Mel Gibson Says He's Been Sober 65 Days

The actor calls alcohol "poison" but admits he could slip "in an instant"

Mel Gibson says he has not touched alcohol for 65 days following his July 28 arrest for drunk driving and his subsequent anti-Semitic rant, which he is now calling “the stupid rambling of a drunkard.”

Admitting that alcohol is “poison” but that staying sober has been a struggle, Gibson, 50, tells Diane Sawyer in an interview to air Thursday and Friday on ABC’s Good Morning America that he began drinking two months before being pulled over for speeding on the Pacific Coast Highway in Malibu shortly after 2 a.m. on that fateful summer day.

“Years go by, you’re fine,” says Gibson, who also admits to past alcohol and drug use, according to a partial transcript of the interview released by ABC.

Yet, he also says about the possibility of a relapse: “All of a sudden in a heartbeat, in an instant, on an impulse, somebody shoves a glass of Mescal in front of your nose and says, ‘It’s from Oaxaca.’ And it’s burning its way through your esophagus and you go, ‘Oh man, what did I do that for? I can’t put the toothpaste back in the tube.'”

In August, he pleaded no contest to a misdemeanor charge of driving with an elevated blood-alcohol level and was sentenced to three years probation. He’s also been barred from driving for three months and fined $1,300.

The star, who has volunteered to make a public-service announcement about the hazards of drinking and driving, tells Sawyer that he plans to continue plying his trade in Hollywood, though he is aware some people may no longer wish to work with him. (“The Jews are responsible for all the wars in the world,” Gibson said at the time of his arrest.)
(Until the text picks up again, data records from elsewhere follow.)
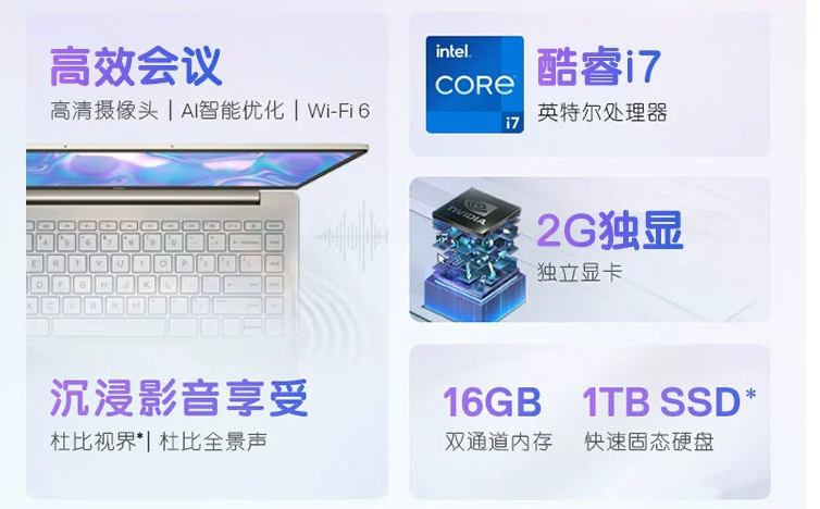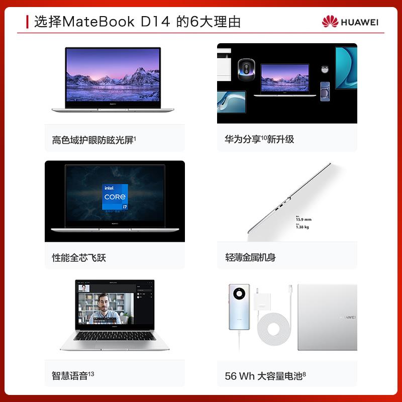 Huawei华为笔记本电脑i7商务办公大学生轻薄本便携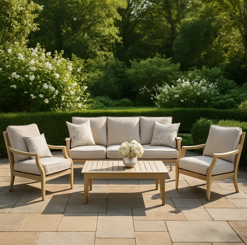 Modern Luxe Teak Patio Set The Modern Luxe Teak Patio Set brings a contemporary aesthetic to outdoor spaces. Crafted from natural teak wood and hig...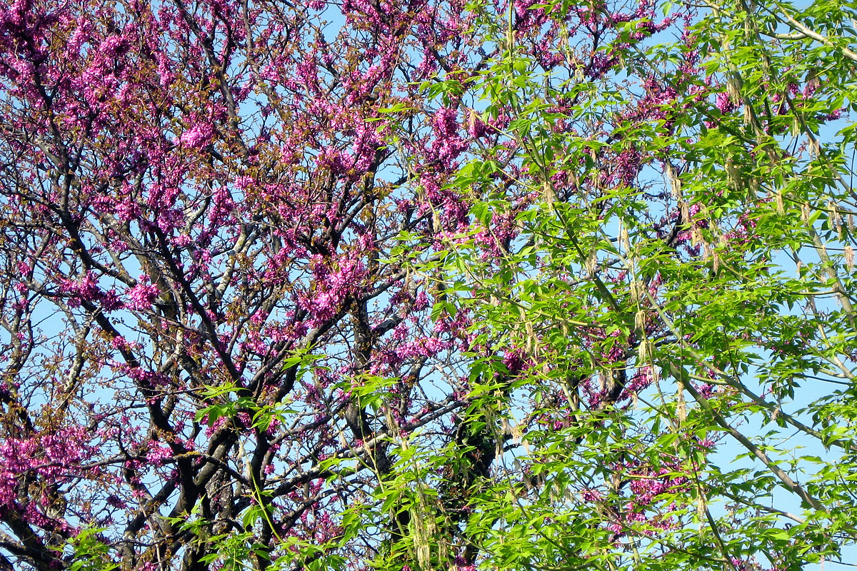 Blossoming tree in Riverside Park. New York - Upper west side. GWB bridge in the background.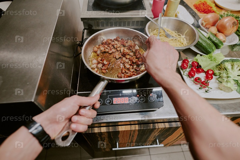 Снимок из точки зрения мужских рук, перемешивающих бекон в Пан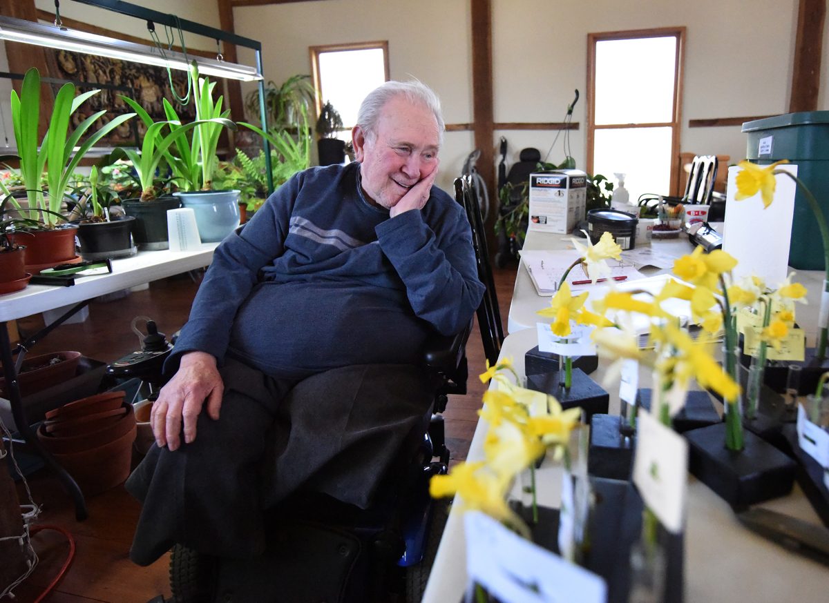 Joe Hamm, holding a daffodil with a name on the stem, got his love of gardening from his grandfather and uncle.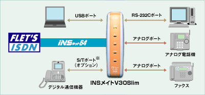 INSメイトV30S/Tユニット(オプション)を装着することによりDSUを切り離すことができます。 |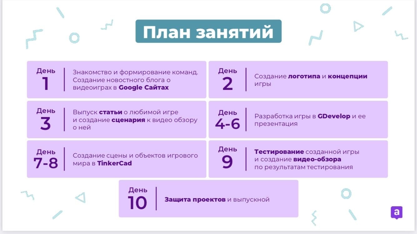 Летние смены — это 10 дней работы над креативными digital-проектами: съемки видео, профессиональный монтаж, ведение новостного блога, создание игр и проработка 3D-персонажей.

Of those who might shun him professionally, Gibson says: “I feel sad because they’ve obviously been hurt and frightened and offended enough to feel that they have to do that. Um, and it’s their choice. There’s nothing I can do about that.”

Still, he says, “I’ll always continue to work. I’ve never much depended on anyone but myself, as far as that goes. And, hey, I’m not under the illusion that everything’s just going to be hunky-dory work wise forever. I’ve never been under that illusion. Things could go away tomorrow.”

Saying he is committed “to heal myself and to be assuring and allay the fears of others and to heal them if they had any heart wounds from something I may have said The last thing I want to be is that kind of monster,” Gibson is asked by Sawyer if he’d like to tell his critics, “Give me a chance to show you who I am?”

Gibson responds: “Well, hopefully, in time they’ll know. And, you’re powerless over everything really All you can do is take another step, keep breathing.”